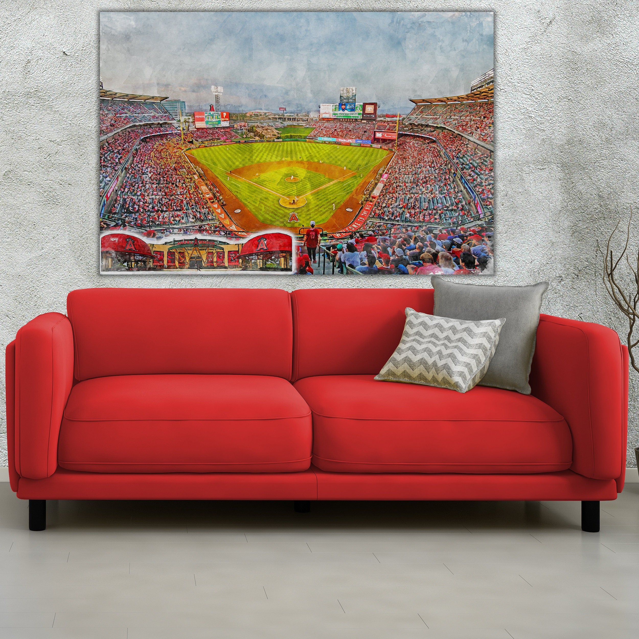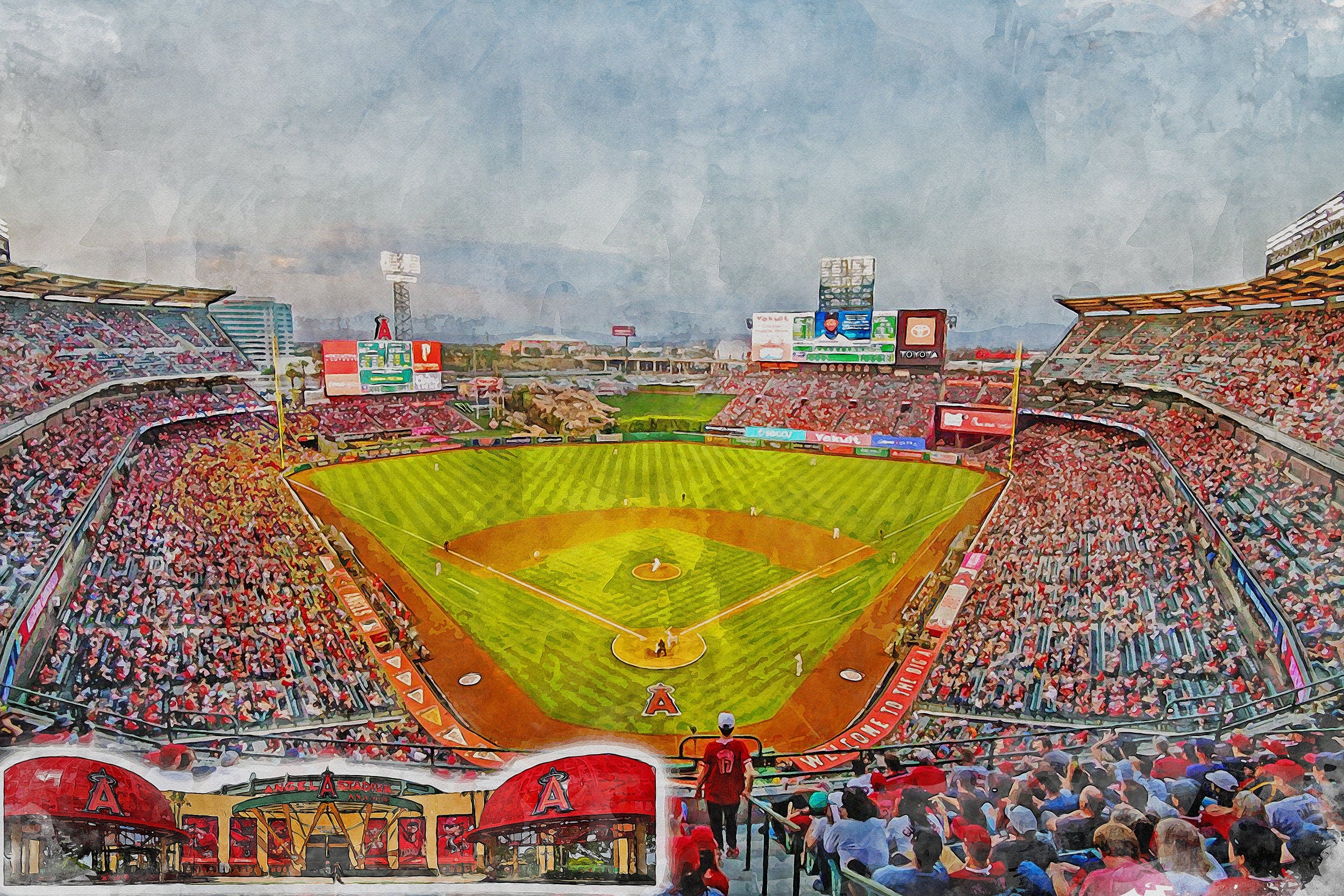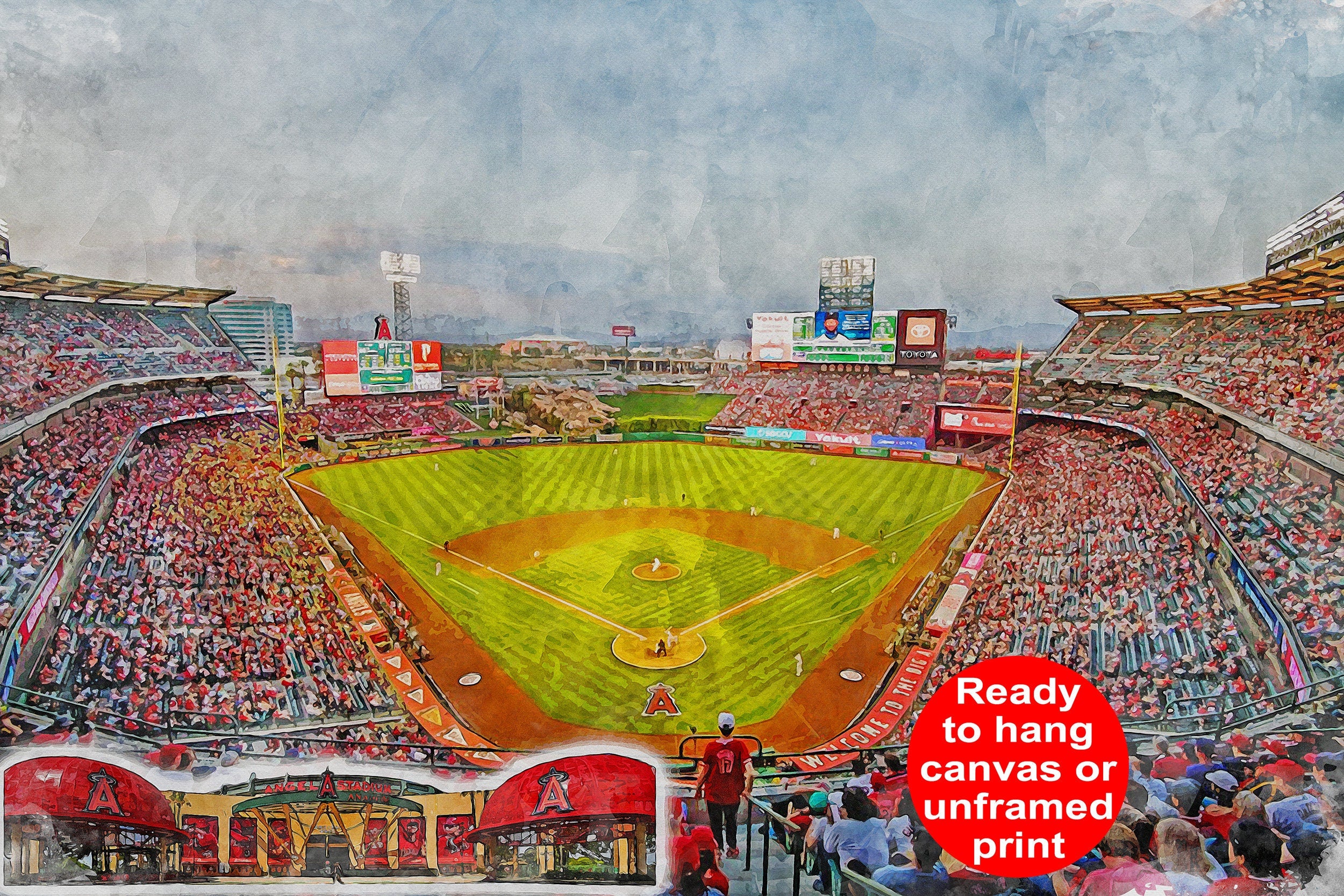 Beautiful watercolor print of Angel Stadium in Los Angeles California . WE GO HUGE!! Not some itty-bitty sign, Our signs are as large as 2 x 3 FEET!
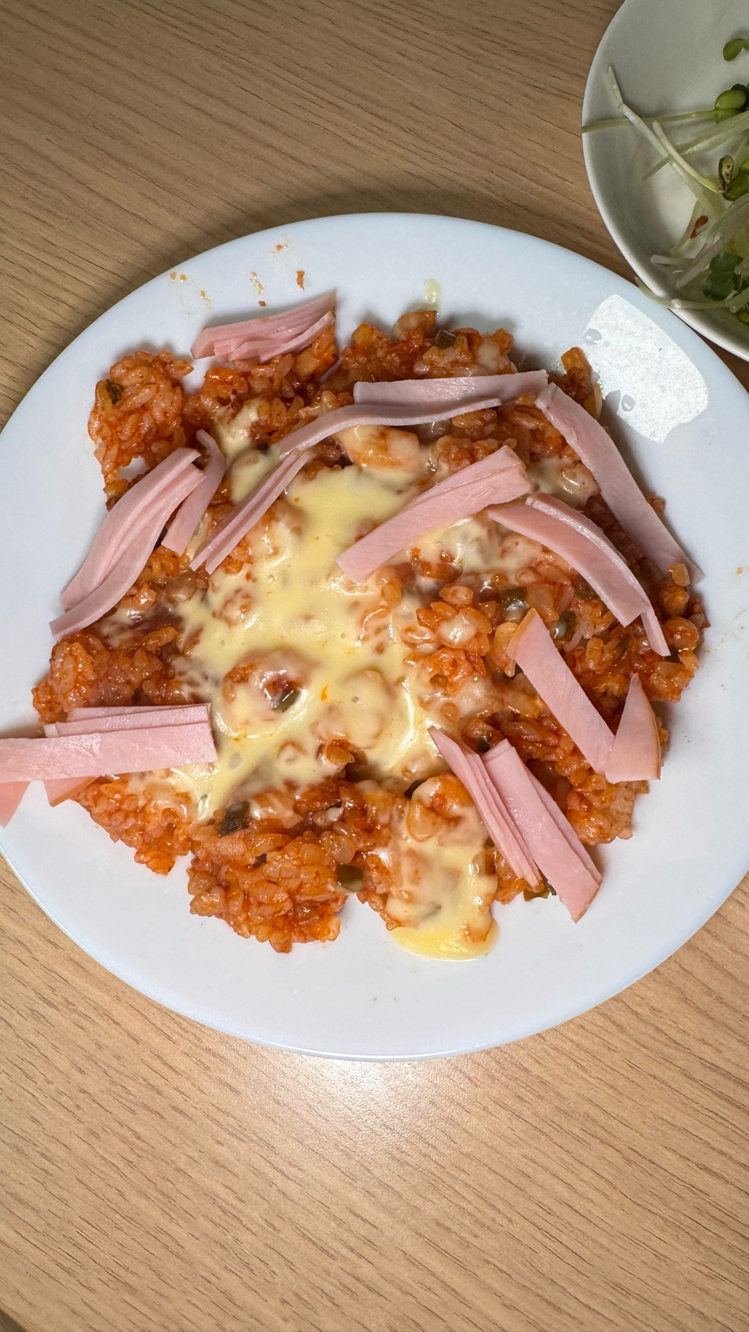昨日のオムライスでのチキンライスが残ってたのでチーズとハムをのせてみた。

---

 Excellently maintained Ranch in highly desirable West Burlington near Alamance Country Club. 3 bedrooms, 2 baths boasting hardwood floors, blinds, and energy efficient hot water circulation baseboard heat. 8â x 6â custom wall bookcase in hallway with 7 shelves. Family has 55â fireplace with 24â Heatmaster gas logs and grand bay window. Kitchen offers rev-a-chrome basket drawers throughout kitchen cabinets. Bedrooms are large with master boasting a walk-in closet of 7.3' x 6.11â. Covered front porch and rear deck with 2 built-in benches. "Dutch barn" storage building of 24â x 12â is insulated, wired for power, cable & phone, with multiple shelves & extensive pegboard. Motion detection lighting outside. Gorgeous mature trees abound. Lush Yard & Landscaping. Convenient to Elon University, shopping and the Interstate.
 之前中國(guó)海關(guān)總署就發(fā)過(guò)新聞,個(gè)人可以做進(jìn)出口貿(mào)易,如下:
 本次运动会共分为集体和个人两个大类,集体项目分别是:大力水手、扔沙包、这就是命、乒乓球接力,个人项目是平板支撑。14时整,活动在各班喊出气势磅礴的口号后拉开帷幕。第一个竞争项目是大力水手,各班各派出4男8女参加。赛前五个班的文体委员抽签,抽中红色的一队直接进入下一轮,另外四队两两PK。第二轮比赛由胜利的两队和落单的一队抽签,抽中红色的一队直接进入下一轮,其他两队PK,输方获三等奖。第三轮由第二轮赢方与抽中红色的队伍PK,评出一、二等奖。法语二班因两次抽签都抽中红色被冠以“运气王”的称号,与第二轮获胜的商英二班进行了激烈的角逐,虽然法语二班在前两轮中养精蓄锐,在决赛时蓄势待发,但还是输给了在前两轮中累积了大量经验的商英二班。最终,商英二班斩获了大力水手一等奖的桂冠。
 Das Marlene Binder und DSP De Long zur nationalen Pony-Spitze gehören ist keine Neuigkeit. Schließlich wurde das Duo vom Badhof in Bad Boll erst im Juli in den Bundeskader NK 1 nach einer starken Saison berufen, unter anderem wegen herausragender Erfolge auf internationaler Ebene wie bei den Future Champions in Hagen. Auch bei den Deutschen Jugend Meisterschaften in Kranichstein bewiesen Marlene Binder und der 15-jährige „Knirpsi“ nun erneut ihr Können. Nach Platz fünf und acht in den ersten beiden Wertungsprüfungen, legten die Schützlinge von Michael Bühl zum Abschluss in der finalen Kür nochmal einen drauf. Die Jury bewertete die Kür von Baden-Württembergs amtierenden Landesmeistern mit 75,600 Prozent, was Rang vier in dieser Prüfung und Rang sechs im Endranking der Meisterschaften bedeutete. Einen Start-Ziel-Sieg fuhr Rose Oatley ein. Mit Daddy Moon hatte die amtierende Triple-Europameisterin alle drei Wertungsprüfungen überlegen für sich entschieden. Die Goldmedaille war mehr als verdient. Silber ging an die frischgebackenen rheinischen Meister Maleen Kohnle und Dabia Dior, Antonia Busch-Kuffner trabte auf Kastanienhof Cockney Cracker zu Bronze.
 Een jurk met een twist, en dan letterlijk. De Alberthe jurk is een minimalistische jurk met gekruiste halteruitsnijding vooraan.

==

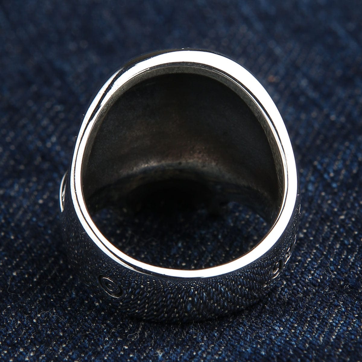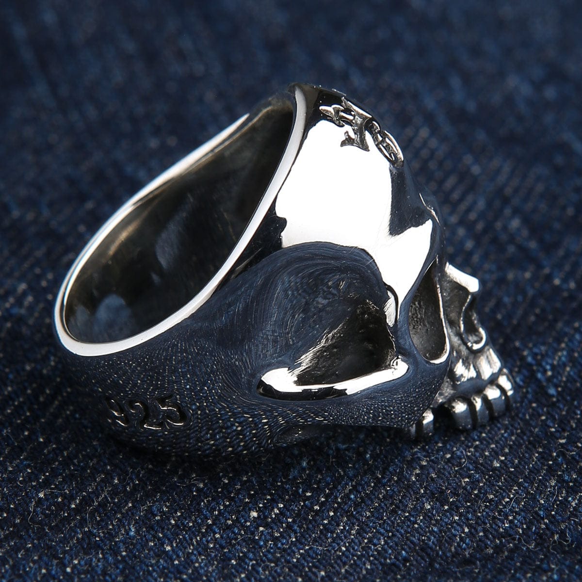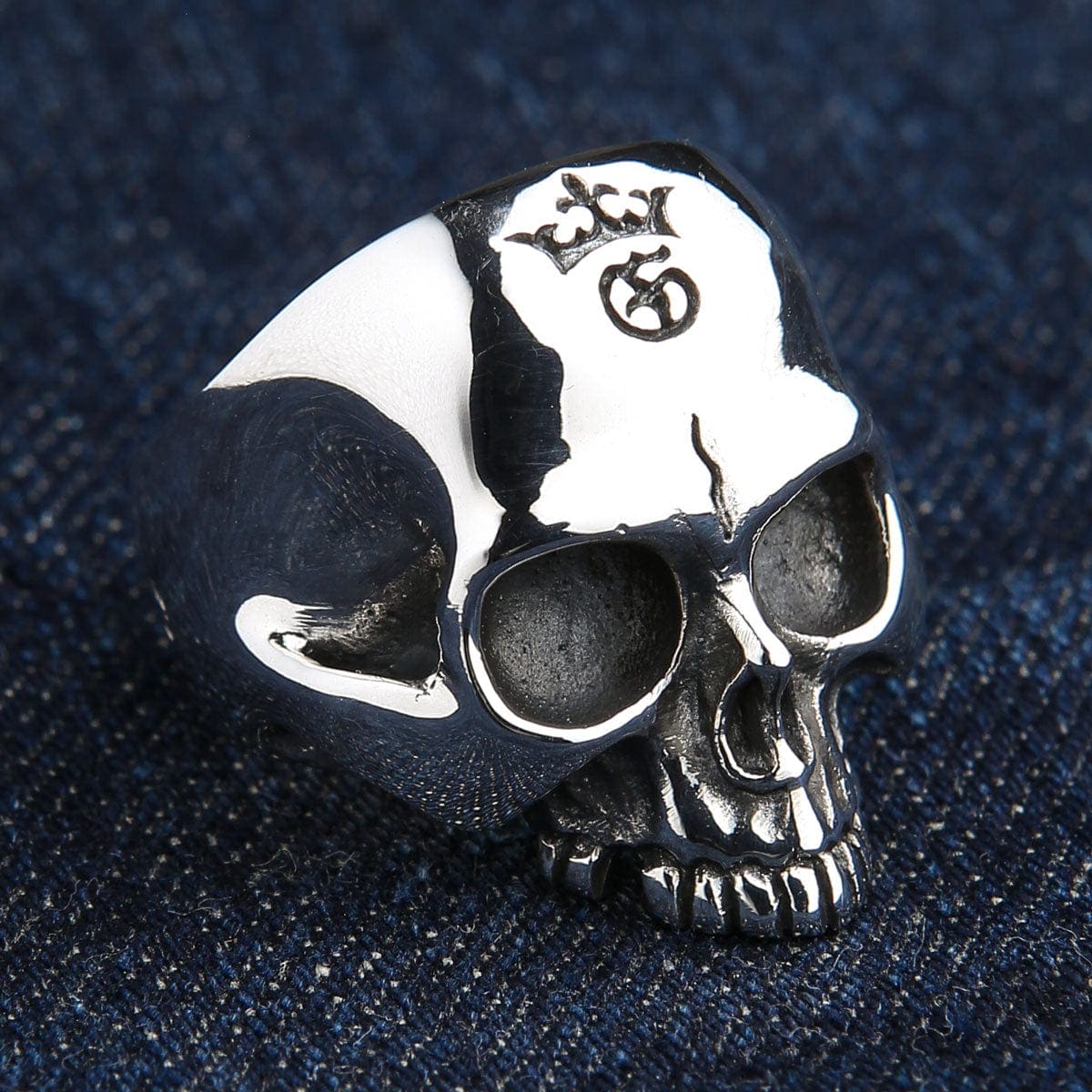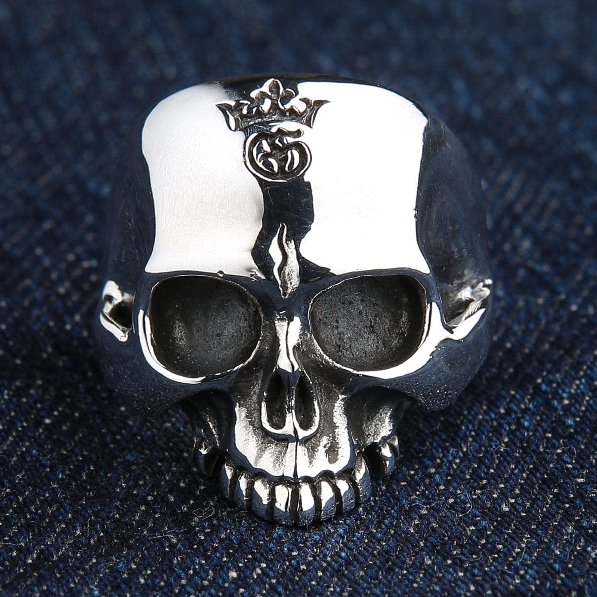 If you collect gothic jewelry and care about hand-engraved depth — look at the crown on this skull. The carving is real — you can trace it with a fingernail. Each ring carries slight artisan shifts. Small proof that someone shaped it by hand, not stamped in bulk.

• _Task description_
Scan the records above for the lines holding "之前中國(guó)海關(gu" and "本次运动会共分为集体和个人两". Transcribe those two and every line between them word for word, and no others.

• _Written answer_
 之前中國(guó)海關(guān)總署就發(fā)過(guò)新聞,個(gè)人可以做進(jìn)出口貿(mào)易,如下:
 本次运动会共分为集体和个人两个大类,集体项目分别是:大力水手、扔沙包、这就是命、乒乓球接力,个人项目是平板支撑。14时整,活动在各班喊出气势磅礴的口号后拉开帷幕。第一个竞争项目是大力水手,各班各派出4男8女参加。赛前五个班的文体委员抽签,抽中红色的一队直接进入下一轮,另外四队两两PK。第二轮比赛由胜利的两队和落单的一队抽签,抽中红色的一队直接进入下一轮,其他两队PK,输方获三等奖。第三轮由第二轮赢方与抽中红色的队伍PK,评出一、二等奖。法语二班因两次抽签都抽中红色被冠以“运气王”的称号,与第二轮获胜的商英二班进行了激烈的角逐,虽然法语二班在前两轮中养精蓄锐,在决赛时蓄势待发,但还是输给了在前两轮中累积了大量经验的商英二班。最终,商英二班斩获了大力水手一等奖的桂冠。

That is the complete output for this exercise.